### ASSIGNMENT:
Instruction for the entries that follow: retype exactly the lines from the line with "regionalnog i ruralnog" to the line with "Σχήμα 5. Η Στέγη Γραμμάτων και Τεχνών", both included, and omit all others.

☆ ☆ ☆ ☆ ☆

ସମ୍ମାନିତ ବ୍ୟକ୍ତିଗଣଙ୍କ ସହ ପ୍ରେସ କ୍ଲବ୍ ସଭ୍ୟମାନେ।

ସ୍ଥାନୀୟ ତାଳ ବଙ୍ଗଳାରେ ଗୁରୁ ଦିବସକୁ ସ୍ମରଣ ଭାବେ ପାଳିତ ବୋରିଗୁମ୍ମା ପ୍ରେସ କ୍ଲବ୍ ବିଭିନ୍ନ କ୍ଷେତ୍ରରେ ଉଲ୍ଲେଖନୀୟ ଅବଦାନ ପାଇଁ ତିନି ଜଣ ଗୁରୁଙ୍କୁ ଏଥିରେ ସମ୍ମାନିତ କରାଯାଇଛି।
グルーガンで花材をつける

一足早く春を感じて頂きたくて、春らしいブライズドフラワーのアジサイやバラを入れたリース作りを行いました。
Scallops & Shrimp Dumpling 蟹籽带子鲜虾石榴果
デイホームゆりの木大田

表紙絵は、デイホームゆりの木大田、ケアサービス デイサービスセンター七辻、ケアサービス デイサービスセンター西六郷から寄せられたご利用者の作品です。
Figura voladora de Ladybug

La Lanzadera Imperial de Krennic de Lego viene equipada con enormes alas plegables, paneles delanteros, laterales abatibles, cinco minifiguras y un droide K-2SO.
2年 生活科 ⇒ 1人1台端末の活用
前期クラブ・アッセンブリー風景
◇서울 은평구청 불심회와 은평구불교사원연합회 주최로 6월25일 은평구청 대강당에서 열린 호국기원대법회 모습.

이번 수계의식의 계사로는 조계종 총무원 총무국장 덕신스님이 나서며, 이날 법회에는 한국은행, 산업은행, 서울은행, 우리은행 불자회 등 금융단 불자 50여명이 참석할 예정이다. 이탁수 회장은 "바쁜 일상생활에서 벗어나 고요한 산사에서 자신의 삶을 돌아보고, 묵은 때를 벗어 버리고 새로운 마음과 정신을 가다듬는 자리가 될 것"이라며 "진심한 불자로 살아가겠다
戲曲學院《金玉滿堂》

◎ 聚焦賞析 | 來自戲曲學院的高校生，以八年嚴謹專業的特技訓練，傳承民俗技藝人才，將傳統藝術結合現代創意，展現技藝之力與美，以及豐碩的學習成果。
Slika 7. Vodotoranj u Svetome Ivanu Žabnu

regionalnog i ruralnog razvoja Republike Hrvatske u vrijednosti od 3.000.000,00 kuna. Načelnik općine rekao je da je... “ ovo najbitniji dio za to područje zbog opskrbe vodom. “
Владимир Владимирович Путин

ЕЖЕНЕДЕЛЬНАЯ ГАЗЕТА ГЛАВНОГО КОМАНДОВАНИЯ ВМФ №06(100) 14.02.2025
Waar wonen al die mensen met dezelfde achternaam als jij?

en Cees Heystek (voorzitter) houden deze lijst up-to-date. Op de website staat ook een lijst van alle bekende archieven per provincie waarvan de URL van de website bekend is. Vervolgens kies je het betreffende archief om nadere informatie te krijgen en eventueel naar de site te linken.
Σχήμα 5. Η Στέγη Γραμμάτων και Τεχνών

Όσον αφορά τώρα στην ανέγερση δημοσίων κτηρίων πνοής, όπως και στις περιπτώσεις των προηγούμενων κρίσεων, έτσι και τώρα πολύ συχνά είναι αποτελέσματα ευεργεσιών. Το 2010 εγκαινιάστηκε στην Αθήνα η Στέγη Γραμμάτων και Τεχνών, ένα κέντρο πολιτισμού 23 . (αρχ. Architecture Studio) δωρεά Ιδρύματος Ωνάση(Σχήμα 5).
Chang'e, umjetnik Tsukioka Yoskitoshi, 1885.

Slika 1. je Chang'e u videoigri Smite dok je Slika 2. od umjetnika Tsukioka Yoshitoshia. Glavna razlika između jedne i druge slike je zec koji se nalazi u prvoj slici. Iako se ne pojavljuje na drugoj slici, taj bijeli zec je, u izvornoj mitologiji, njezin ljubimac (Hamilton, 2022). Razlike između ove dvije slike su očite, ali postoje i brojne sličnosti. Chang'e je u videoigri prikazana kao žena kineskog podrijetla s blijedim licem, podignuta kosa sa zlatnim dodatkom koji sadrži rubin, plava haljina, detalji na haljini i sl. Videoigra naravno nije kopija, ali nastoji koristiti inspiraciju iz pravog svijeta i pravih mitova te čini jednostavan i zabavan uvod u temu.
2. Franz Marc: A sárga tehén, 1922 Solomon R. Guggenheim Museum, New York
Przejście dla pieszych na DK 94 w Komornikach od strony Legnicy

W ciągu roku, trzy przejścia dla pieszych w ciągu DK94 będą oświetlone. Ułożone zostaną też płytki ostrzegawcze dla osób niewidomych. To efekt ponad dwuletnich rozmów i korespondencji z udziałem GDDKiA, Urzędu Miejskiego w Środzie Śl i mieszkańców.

☆ ☆ ☆ ☆ ☆

### ANSWER FOR THE TASK:
regionalnog i ruralnog razvoja Republike Hrvatske u vrijednosti od 3.000.000,00 kuna. Načelnik općine rekao je da je... “ ovo najbitniji dio za to područje zbog opskrbe vodom. “
Владимир Владимирович Путин

ЕЖЕНЕДЕЛЬНАЯ ГАЗЕТА ГЛАВНОГО КОМАНДОВАНИЯ ВМФ №06(100) 14.02.2025
Waar wonen al die mensen met dezelfde achternaam als jij?

en Cees Heystek (voorzitter) houden deze lijst up-to-date. Op de website staat ook een lijst van alle bekende archieven per provincie waarvan de URL van de website bekend is. Vervolgens kies je het betreffende archief om nadere informatie te krijgen en eventueel naar de site te linken.
Σχήμα 5. Η Στέγη Γραμμάτων και Τεχνών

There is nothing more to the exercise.